/---

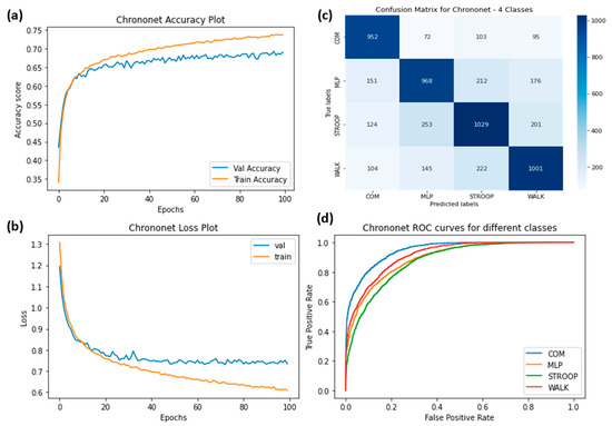 (a) Training accuracy of ChronoNet for four classes (normal walking, Stroop, COM and MLP), (b) training losses for the four classes, (c) confusion matrix, and (d) ROC curves for all four classes.
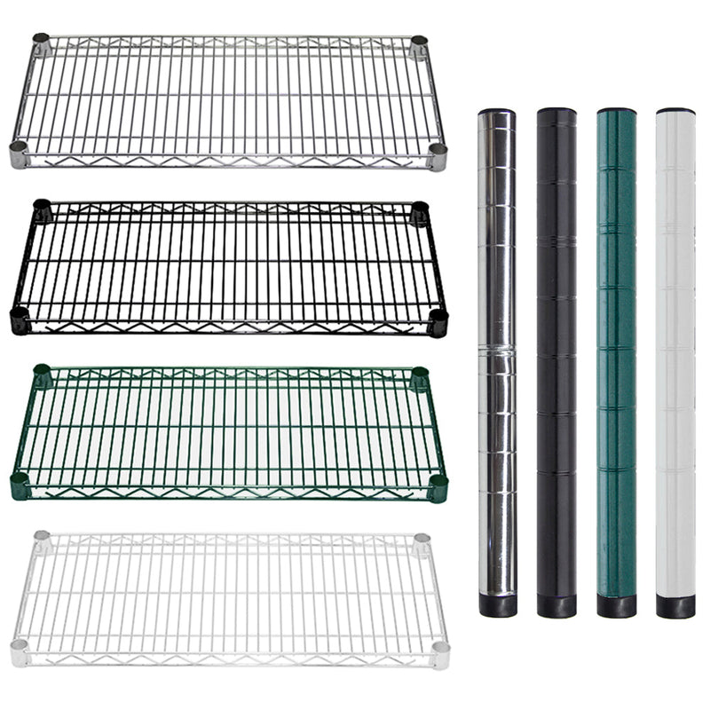 Our wire shelves and wire racking are versatile enough to be used in commercial, industrial, and residential settings. Each of our heavy-duty wire rack / shelving units can support up to eight hundred pounds of items per shelf. And with the modular, expandable design, you can use add-on wire shelving or wire shelving accessories to enhance the wire racks you currently have without the need for costly renovation or replacement.
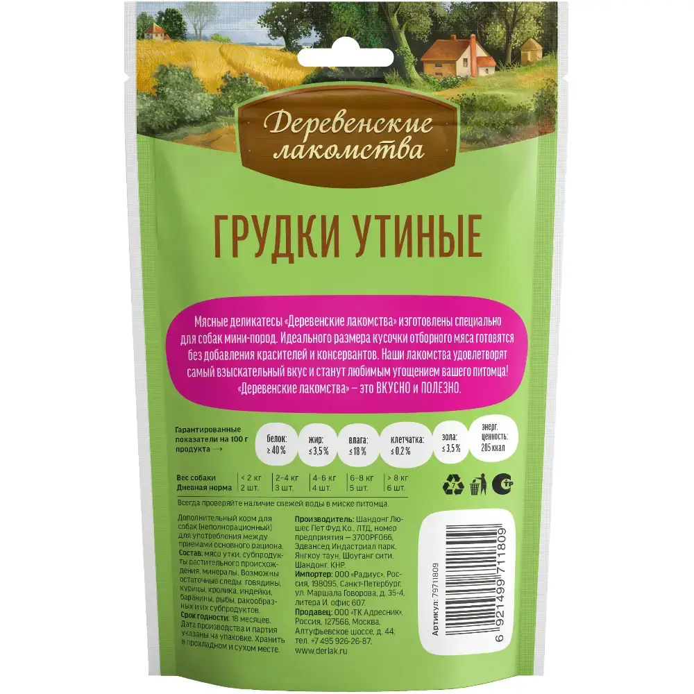 Лакомство для собак Грудки утиные, 55г для мини-пород ДЕРЕВЕНСКИЕ ЛАКОМСТВА
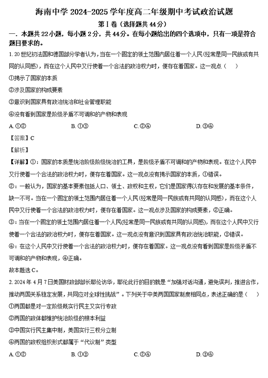 海南中学2024-2025学年高二上学期11月期中政治考试已于近日开考,为方便考生考后及时查看考试情况,查漏补缺、弥补不足,本文整理了试题答案解析相关信息!
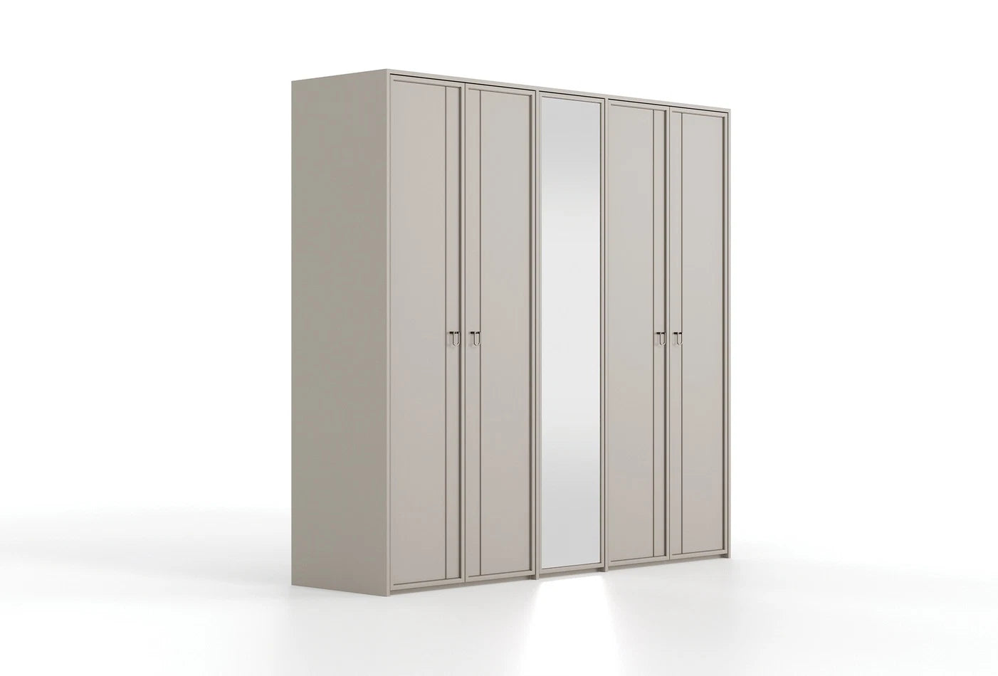 Гардероб HERA представлява идеалния синтез между елегантност и функционалност. Успокояващият камъчен нюанс на корпуса се хармонира перфектно с естествените огледални детайли, а луксозните метални дръжки в бронзов цвятдобавят съвременна изтънченост.
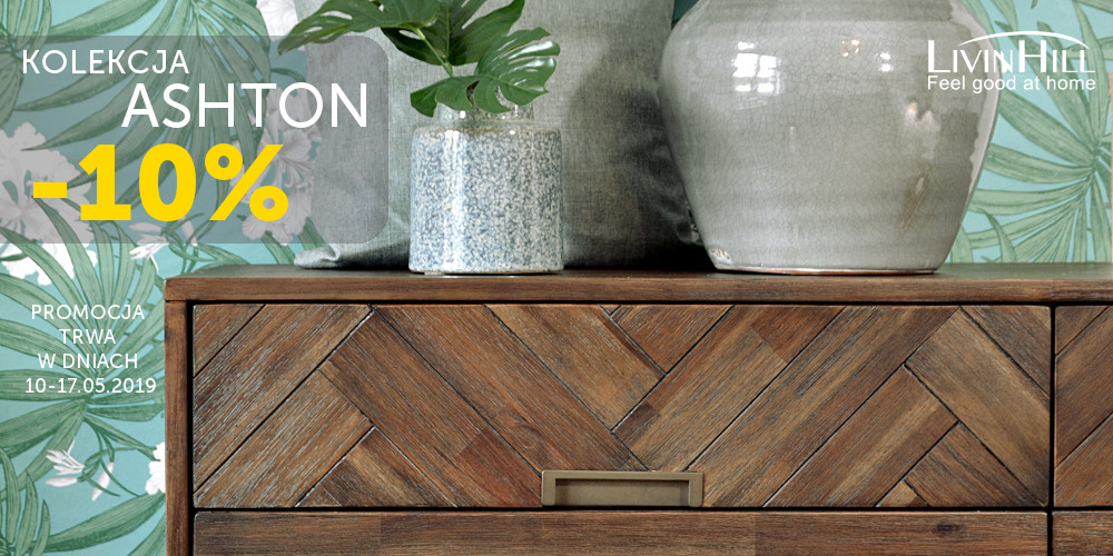 Kolekcja Ashton to drewniane meble w stylu retro o pięknym brązowym zabarwieniu z uchwytami w kolorze mosiądzu. Prosta forma w połączeniu z delikatną intarsją nadaje kolekcji charakter. Zaokrąglone krawędzie blatu i ścian bocznych, lakierowanie i szczotkowana powierzchnia całego mebla podkreślają formę i kształt. Zastosowane w drzwiach prowadnice umożliwiają łatwe i ciche przesuwanie. Meble wykonane są w najwyższej jakości materiałów, są stabilne i jednocześnie swoją charakterystyczną formą sprawiają, iż będą się sprawdzać w każdym pomieszczeniu. Stylowe i eleganckie meble z kolekcji Ashton, dzięki szerokiej gamie produktów sprawią, iż każda sypialnia, jadania, salon czy przedpokój, będą wyglądały niepowtarzalnie.

\---

§ **HOW TO COMPLETE THIS TASK**
Copy the entire listing exactly but skip the pictures.

§ **ANSWER FOR THIS EXERCISE**
 (a) Training accuracy of ChronoNet for four classes (normal walking, Stroop, COM and MLP), (b) training losses for the four classes, (c) confusion matrix, and (d) ROC curves for all four classes.
 Our wire shelves and wire racking are versatile enough to be used in commercial, industrial, and residential settings. Each of our heavy-duty wire rack / shelving units can support up to eight hundred pounds of items per shelf. And with the modular, expandable design, you can use add-on wire shelving or wire shelving accessories to enhance the wire racks you currently have without the need for costly renovation or replacement.
 Лакомство для собак Грудки утиные, 55г для мини-пород ДЕРЕВЕНСКИЕ ЛАКОМСТВА
 海南中学2024-2025学年高二上学期11月期中政治考试已于近日开考,为方便考生考后及时查看考试情况,查漏补缺、弥补不足,本文整理了试题答案解析相关信息!
 Гардероб HERA представлява идеалния синтез между елегантност и функционалност. Успокояващият камъчен нюанс на корпуса се хармонира перфектно с естествените огледални детайли, а луксозните метални дръжки в бронзов цвятдобавят съвременна изтънченост.
 Kolekcja Ashton to drewniane meble w stylu retro o pięknym brązowym zabarwieniu z uchwytami w kolorze mosiądzu. Prosta forma w połączeniu z delikatną intarsją nadaje kolekcji charakter. Zaokrąglone krawędzie blatu i ścian bocznych, lakierowanie i szczotkowana powierzchnia całego mebla podkreślają formę i kształt. Zastosowane w drzwiach prowadnice umożliwiają łatwe i ciche przesuwanie. Meble wykonane są w najwyższej jakości materiałów, są stabilne i jednocześnie swoją charakterystyczną formą sprawiają, iż będą się sprawdzać w każdym pomieszczeniu. Stylowe i eleganckie meble z kolekcji Ashton, dzięki szerokiej gamie produktów sprawią, iż każda sypialnia, jadania, salon czy przedpokój, będą wyglądały niepowtarzalnie.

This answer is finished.